I thought about this for a while, when all a sudden, it hit me!

It was the wooden walls! Unlike Sheetrock, Douglas fir has pores, which were used to transport water when it was a tree. Before I had installed my mini split, I left all my windows and door wide open to keep cooler, but with that came the moisture of humid NC summers and my walls drank it up.

Then I turned on the mini split and the dehumidifier started removing that moisture in the air. The wood naturally wants to equalize its open grains with the moisture in the air, so it released moisture back into the air. So essentially it took about 3 weeks for my house to breathe out all the moisture my wooden walls had taken in. My house breathes!

So the mystery is solved and my house is nice and dry. It’s interesting what you learn when you live tiny. In a larger home I’m not sure I would have noticed.


  1. Hi Ryan,
    Thank you, I am very impressed with your knowledge! Keep up the great work. I am anxious to watch your progress.
    Question; What source of power do you use for cooking and hot water?
    I have been told that Induction cooking uses less energy than both gas and normal electric.
    Also, have you ever considered a incinerating toilet? What are your thoughts on tankless water
    Thank You, Your knowledge is a big help!!!!

    • Hi we just installed a tankless hot water heater and I LOVE IT!! Now if conserving water is a major issue u need to consider that it takes abt a minute to minute and a half for the water to get hot…also we found that nearly all brands dont allow for great hot water temperature so we went with the rheem at home depot. We got the big one and it goes to 120 degrees. ..most are WAY less than that. The unit was $1000 plus tax and plumbing supplies. ..which cost a fortune…my mini home is 560 sq ft and I didnt have a lot of room for a tank so went this route and have zero regrets.

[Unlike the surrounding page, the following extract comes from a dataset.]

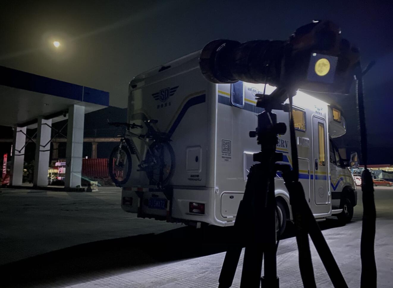 9月21日,这一天是中秋,当晚我们开到了四川达州。在不到达州100公里的地方租车了,当晚在服务区里面吃了晚饭,第1次在服务区里面吃这么丰盛的自助餐,可能是因为中秋吧,高速上没有什么人,服务区里面的自助餐也没有人吃。吃完了晚饭,我在服务区拍摄了月亮,并煮了红茶来喝,且当做欢度中秋。

      • Was there a problem with the on-demand water heater and the amount of water pressure you had?

  2. Thank you for this article. I am just at the point of choosing between drywall and wood inside my Tiny House. I think I will go with the interior wood siding.

  3. I have often thought that this is the reason it is a mistake to paint the interior of wood walls in a tiny house. Paint is a pretty effective moisture barrier, so it can keep the wood from breathing.

  4. My son went with a really nice birch plywood for his interior instead of drywall or individual tongue and groove boards. It looks good with a light coat of varethane or can be painted or stained. Not sure what thickness he used but it’s pretty minimal.

  5. I started my Tiny Mobile from an old travel trailer that had a brand new propane w/h with 6 gal tank. Decided to keep it as the “storage tank” component of my hot water system. I put 5″ of insulation on it and use a 2.5 gal. Elec “under-counter” heater ($225)) set on high which pumps very hot water into the storage tank every time I turn on the hot faucet. Result is a hot 8.5 gallon shower in
    the winter..AND a backup w/h if the electric service is interrupted. I use the hot faucet about 95% of the time anyway, which keeps the storage tank charged with hot water for about a 36 hour period. If gone for several days it takes about 2 hours of normal water usage to recharge the storage tank.

  6. What about insulation?

  7. Showing my ignorance here, how did you fix the humidity problem? By not using the dehumidifier?
    Also, what kind of insulation did you use?
    Why is a “breathing” house better than a sealed one?

  8. If you do not mind me asking, where did you source your paneling? I have been looking for a similar product but cannot find anything less than 5/8″ T&G.

  9. Thanks for this great article! I also haven’t been able to find any tongue and groove siding that is less than 1″ thick. Where did you find yours that is 1/4″, please?

  10. I am designing a Tiny House and hope to finish the total build by the end of next year. I am just finishing up the details of the design before I start work on the exterior of the house and I can’t find any 1/4 inch thick stuff either. I’d love to get this into my house because of the rustic look and the weight advantages over other wood but if I can’t find it, I can’t buy it.